Multitasking and Attention

This morning, I read an article from the Harvard Business Review, “How and (Why) to Stop Multitasking.” The article helped me to see something that I have suspected, that is, that my multitasking, or attempts at it, actually lead me to be less productive and more stressed.

I have always had trouble doing  more than one thing at a time. Now I know better why.

I was encouraged by something Peter Bregman, the author of the article, said. He committed himself to not multitask for an entire week. When he was on the phone, he was on the phone, not checking email, etc.

After that week, he noticed some big differences. For example, he said: “When I was with my children…I shut my cell phone off and found myself much more deeply engaged and present with them. I never realized how significantly a short moment of checking my email disengaged me from the people and things right there in front of me. Don’t laugh, but I actually — for the first time in a while — noticed the beauty of leaves blowing in the wind.”

The dissipation of attention seems to be a bane of modern life.
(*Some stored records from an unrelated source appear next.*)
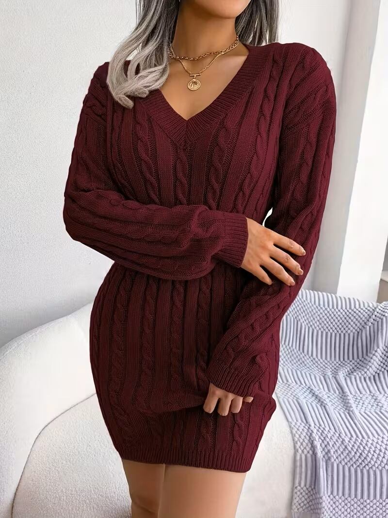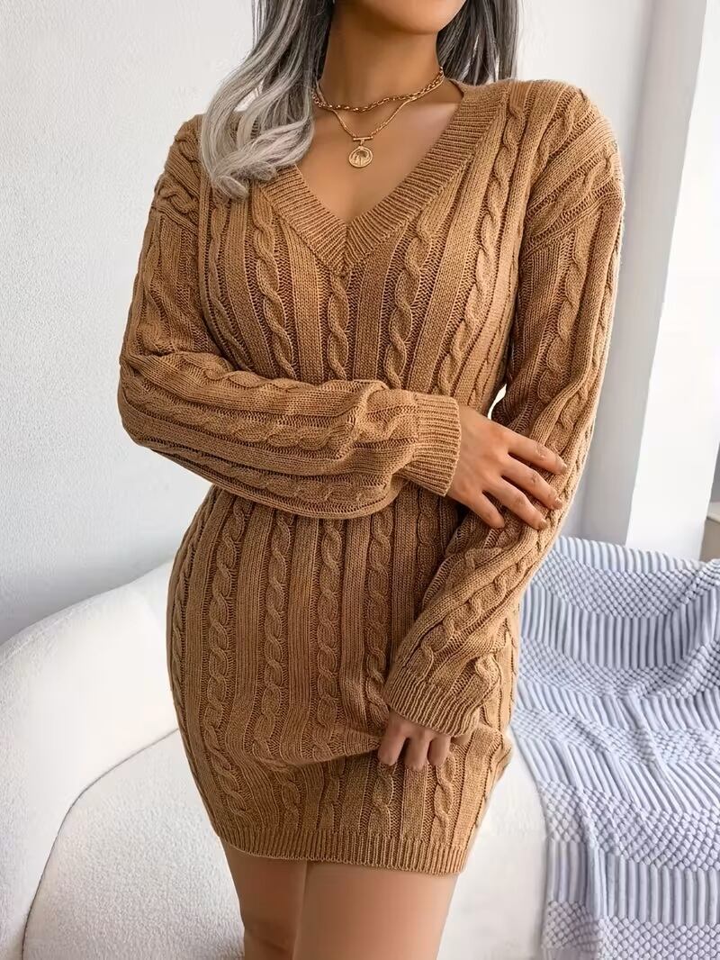 【送料無料】女性の快適なケーブルVネックセータードレス - 長袖、リブテクスチャー、ブラウン、秋と冬に最適、カジュアルからシックなウェア、カジュアルな冬のウェア | Vネックドレス | コンストラクション、セータードレス K02590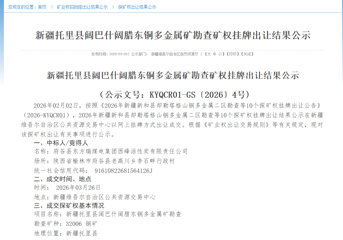 新疆自然资源厅最新公示:新疆托里县阔巴什阔腊东铜多金属矿探矿权成功出让!该探矿权起始价仅29.76 万元,最终以10105.76 万元成交,溢价率高达33852%,创下近期新疆矿业权出让市场的亮眼纪录。竞得方为府谷县东方瑞煤电集团西峰活性炭有限责任公司,标志着陕西能源化工巨头正式进军新疆战略性矿产资源领域。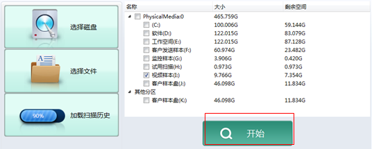备注:左边勾选框是对磁盘进行全盘扫描,右边勾选框是对磁盘的剩余空间进行扫描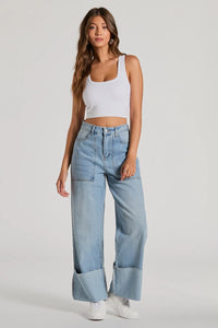 These high-rise denim jeans are the perfect addition to your wardrobe! These jeans accentuate your figure with a high-rise waist while providing a comfortable fit. The wide-leg silhouette adds a trendy touch, and the cuffed hem adds a stylish detail. Complete the look in a basic tank crop top and sneakers for any casual plans!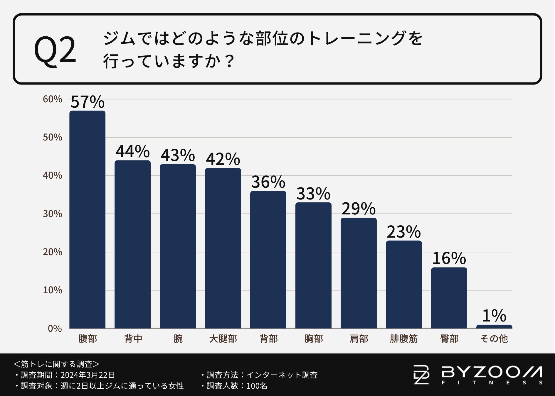 ジムではどのような部位のトレーニングを行っているか伺ったところ、「腹部(57.0%)」「背中(44.0%)」「腕(43.0%)」という結果となりました。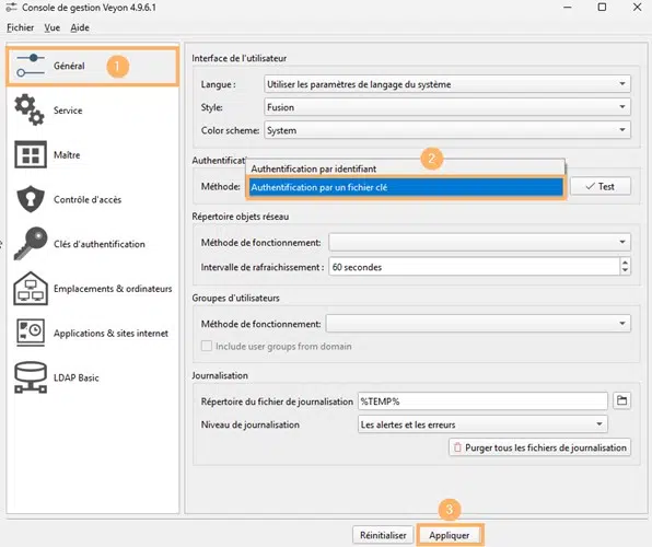 Il est nécessaire d’indiquer à Veyon Master que l’authentification ne se fait plus par identifiant, mais par les clés d’authentification précédemment générées.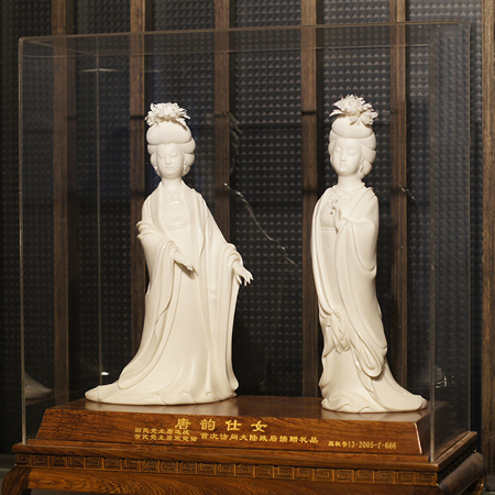 2004年10月《唐韻仕女》選贈(zèng)首次來(lái)訪的中國(guó)國(guó)民黨主席連戰(zhàn)和親民黨主席宋楚瑜(西安),為西安大唐芙蓉園設(shè)計(jì)制作大型組雕《召見(jiàn)使節(jié)》,(合作);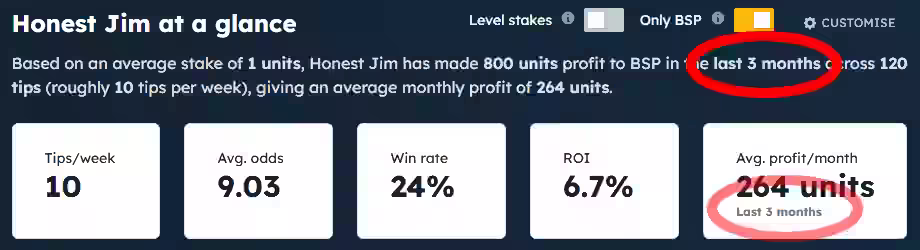 You just need to be wary when reading the “at a glance” figures. Especially for long-serving tipsters like Honest Jim who has been tipping on Tipstrr for over 5 years yet their average monthly profit is measured over 3 months ?!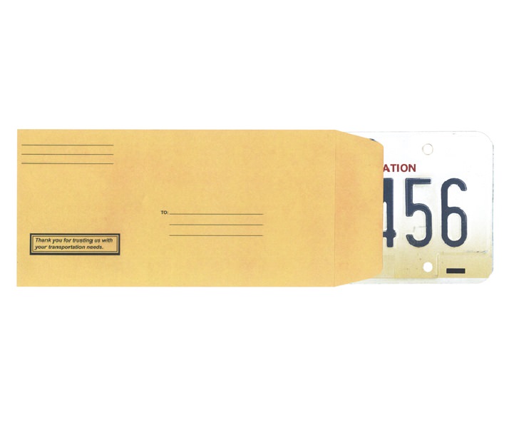 These thick stock, preprinted as shown, envelopes make getting state plates to customers a snap. Self seal closure and ready to address. 100 per package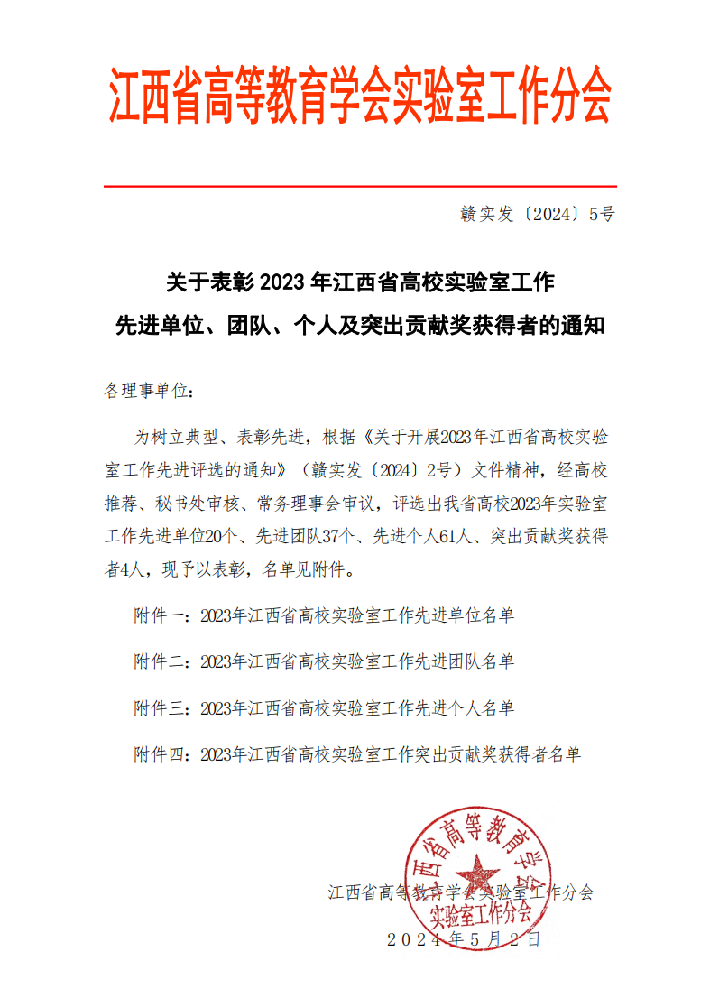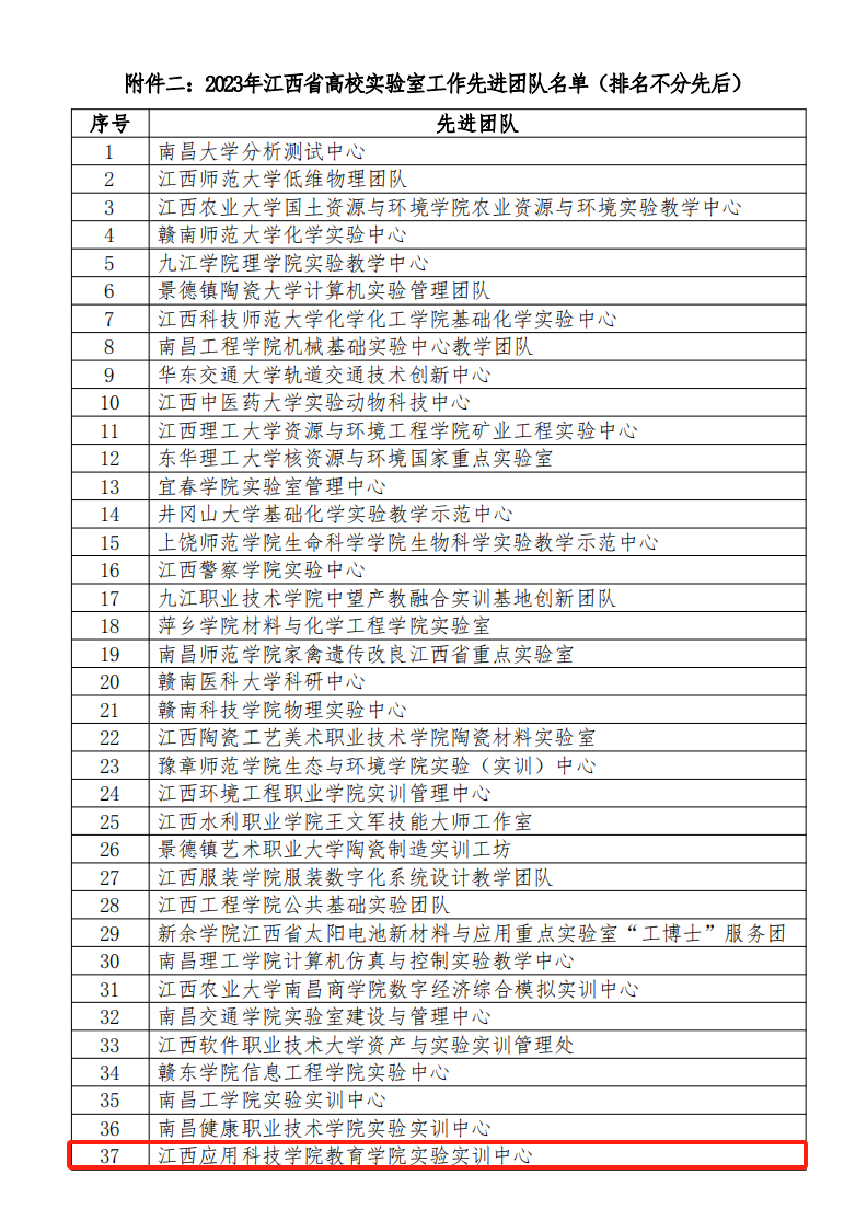 近日,江西省高等教育学会实验室工作分会印发《关于开展2023年江西省高校实验室工作先进评选的通知》,我校获评“2023年江西省高校实验室工作先进单位”、教育学院实验实训中心获评“2023年江西省高校实验室工作先进团队”、刘宇中获评“2023年江西省高校实验室工作先进个人”。我校为唯一获得先进单位的民办高校。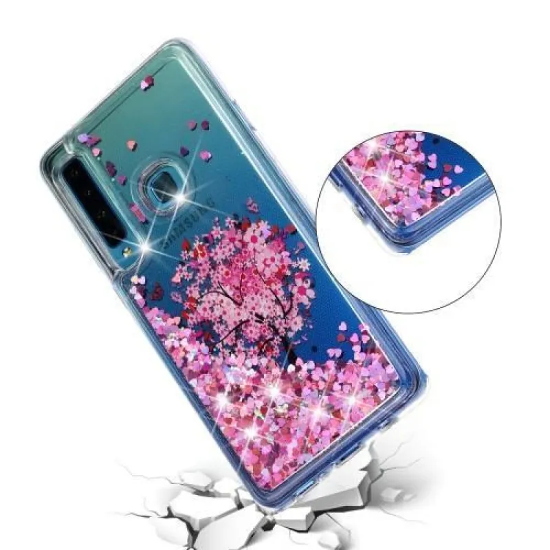 Glitter homokóra zselés tok Samsung Galaxy A9 - virágzó fa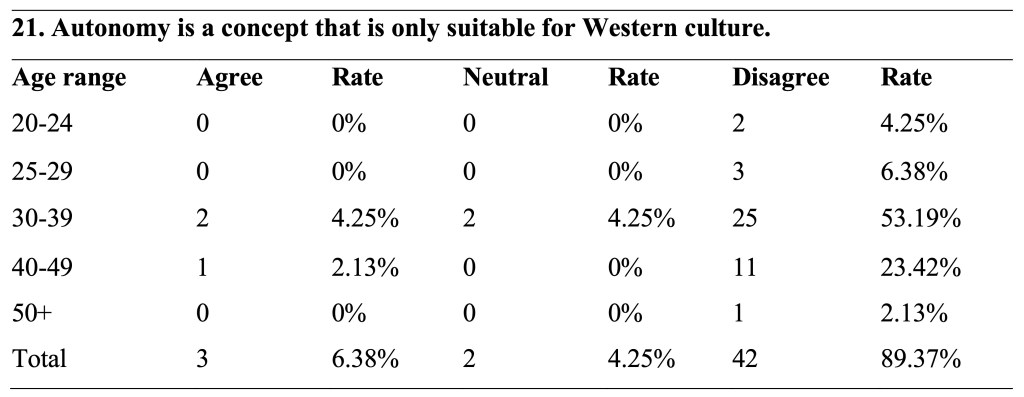 As Table 3 shows, a total of 3 out of 47 participants indicated their agreement with question 21. Richards and Lockhart (1994) state that teachers’ beliefs are focused on the specific language learning and teaching experience in a particular context. The beliefs of these participants appeared to be associated with the collectivist culture in the Asian context, where teachers are perceived as knowledge providers or authoritative figures.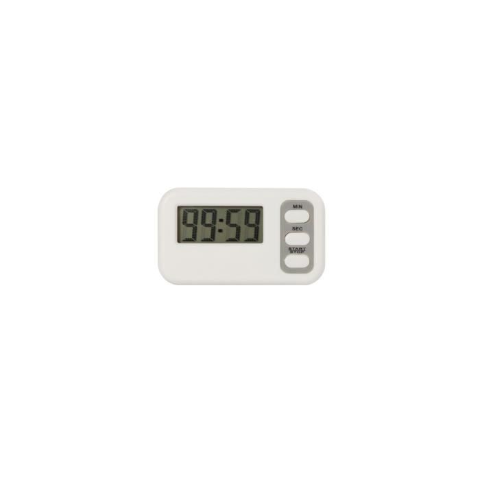 Chronomètre / Compteur - Compteur à rebours avec alarme - 99 min 59 s - Clip, aimant et support - Blanc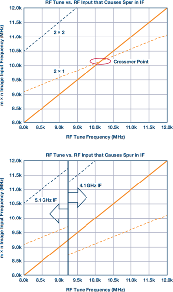 Figure 9. m × n crossover spur with no IF flexibility (top) and avoiding crossover with IF tuning (bottom).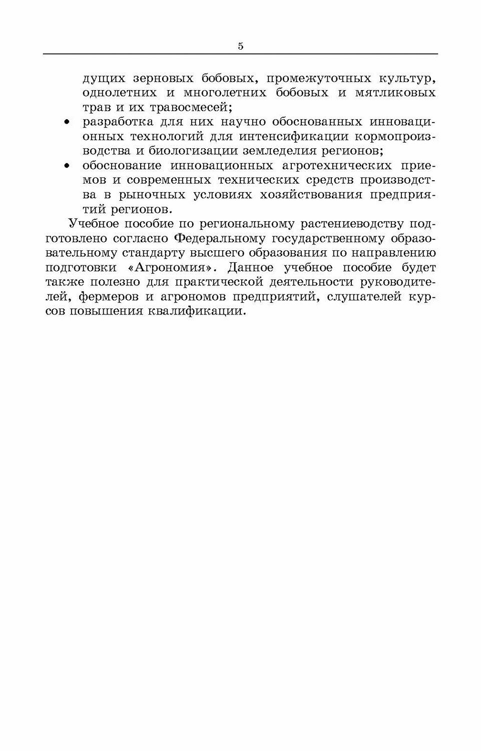 В учебном пособии дается понятие регионального растениеводства и его значения для современного сельскохозяйственного производства регионов европейской части Российской Федерации. Рассмотрены также цели и задачи регионального растениеводства и способы их решения в условиях биологической интенсификации земледелия регионов. Представлены подробные сведения о возделывании в регионах России основных зерновых бобовых, промежуточных культур, однолетних и многолетних трав, пищевых и кормовых свойствах с учетом содержания основных питательных веществ и химического состава, обоснованы границы возможного их распространения с учетом почвенно-климатических ресурсов природно-сельскохозяйственных поясов, провинций и округов возделывания. Изложены морфологические и биологические особенности, научные основы агротехнологий, признанные решать проблемы дефицита растительного белка и повышения плодородия почвы. Изучив их, студенты и магистры с помощью агротехнических и биологических приемов, рациональных методов и средств производства с учетом почвенно-климатических условий регионов смогут самостоятельно разрабатывать инновационные базовые технологии зерновых бобовых, промежуточных культур, однолетних и многолетних трав для регионов в вузах которых они обучаются. Издание предназначено для бакалавров обучающихся по направлению "Агрохимия и агропочвоведение", "Агрономия", "Технология производства и переработки сельскохозяйственной продукции", а также для преподавателей, научных сотрудников, аспирантов, магистрантов, слушателей факультетов повышения квалификации, работников агропромышленного комплекса. Гриф: Рекомендовано НМС по сельскому хозяйству в качестве учебного пособия для студентов вузов (бакалавров), обучающихся по направлениям подготовки: "Агрохимия и агропочвоведение", "Агрономия", "Технология производства и переработки сельскохозяйственной продукции"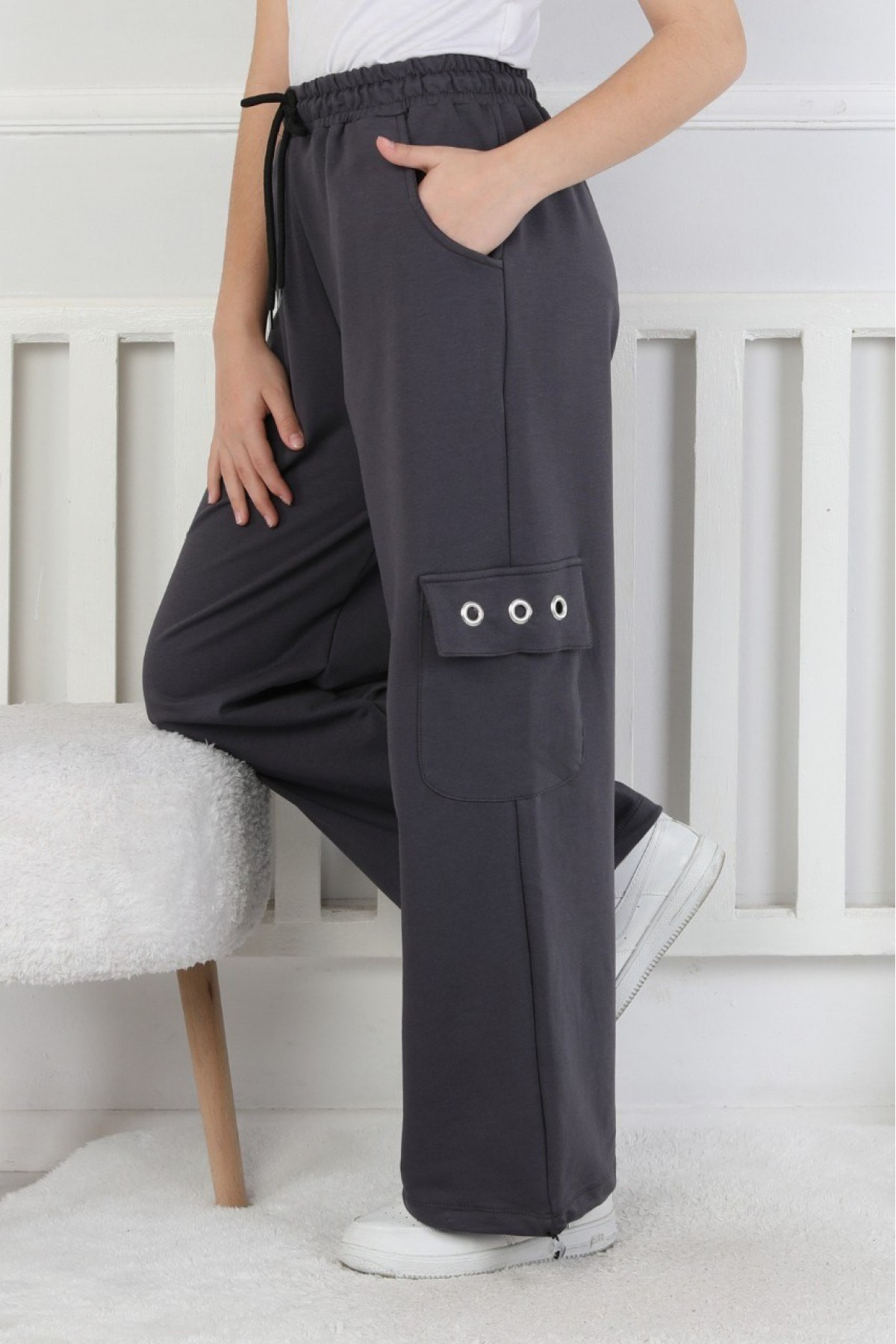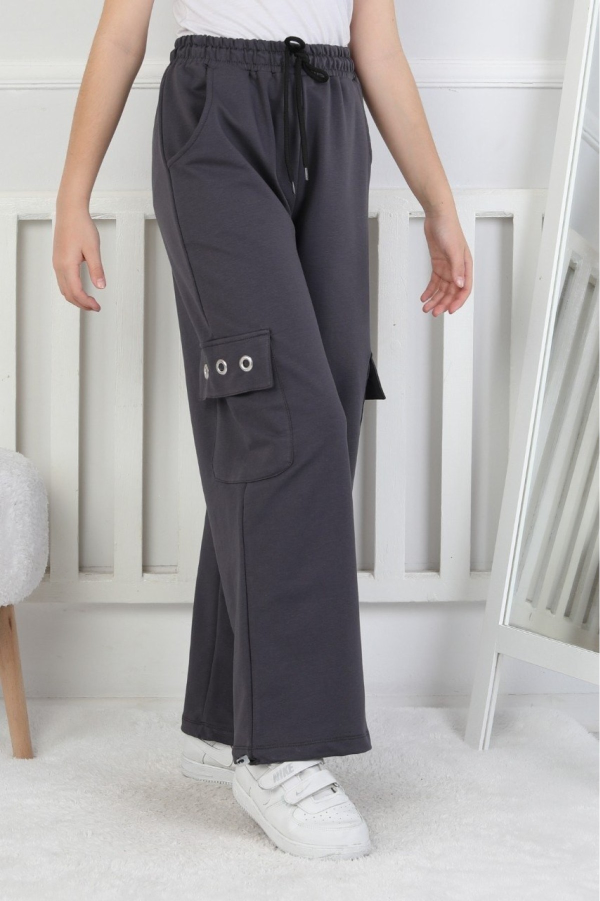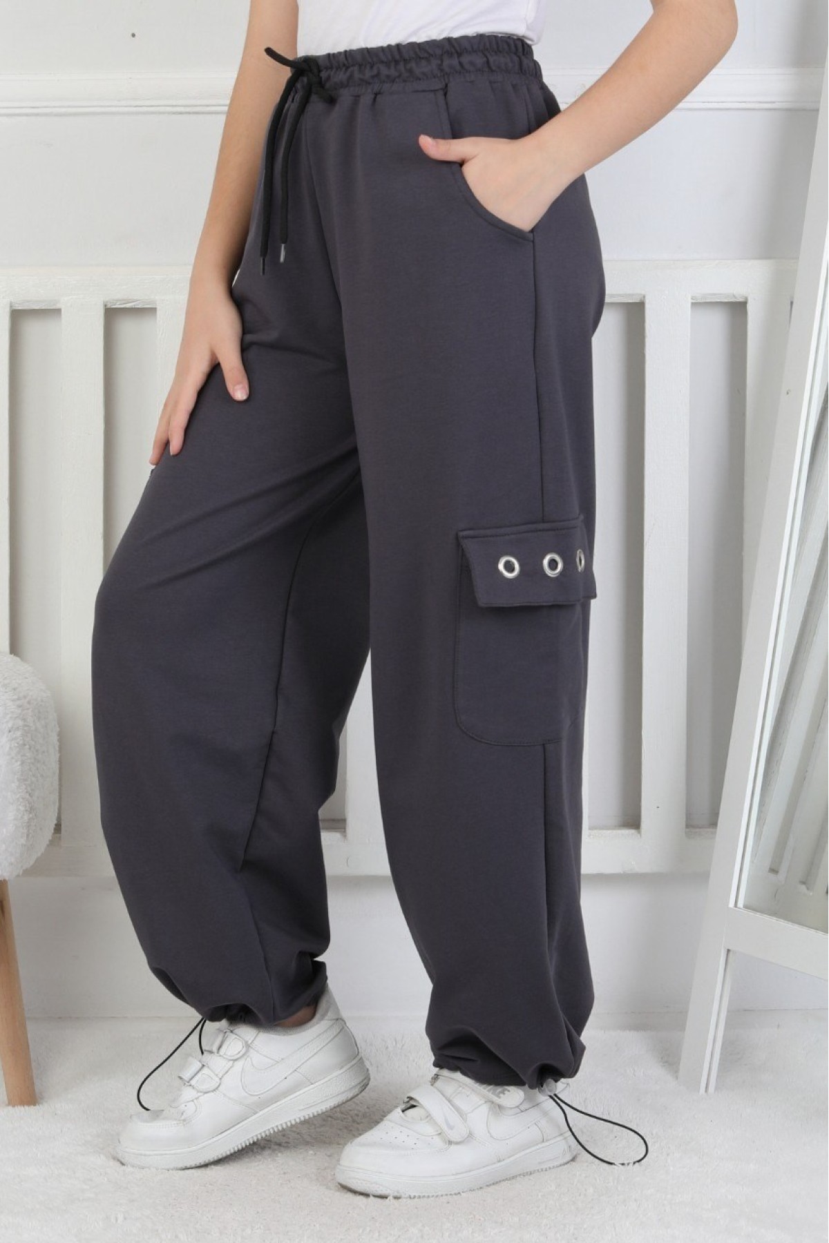İki İplik Baskılı Kargo Çepli Kız Çocuk Eşofman Altı

A cell phone or handheld device can be totally distracting when we are in a conversation or in a meeting. It sends a message that the person calling or texting is more important than person we are with. Not a good feeling. A computer laptop can suck the life out of relationships, ruin an evening together, or even a vacation. Such things make our attention a cheat.

Pure, focused attention is one of the greatest compliments we can pay to another person. When that attention is distracted and broken apart, it is disheartening to those around us, especially those we love. We instinctively sense whether we are important to others, at any given moment, by the quality of attention we are given by them.

Satan begins his work with distraction, I believe. Distraction is the first step to unraveling a relationship, the first step on a downward spiral. We can refocus and turn that around. 

If you want to pay a loved one a compliment, set other things aside and really pay attention with both ears and both eyes. Turn off your phone and computer, and turn on your heart. When our children and spouses know that we are honest and sincere in the attention we give, they tend to be less in need of attention, but, funny, we like to give it more.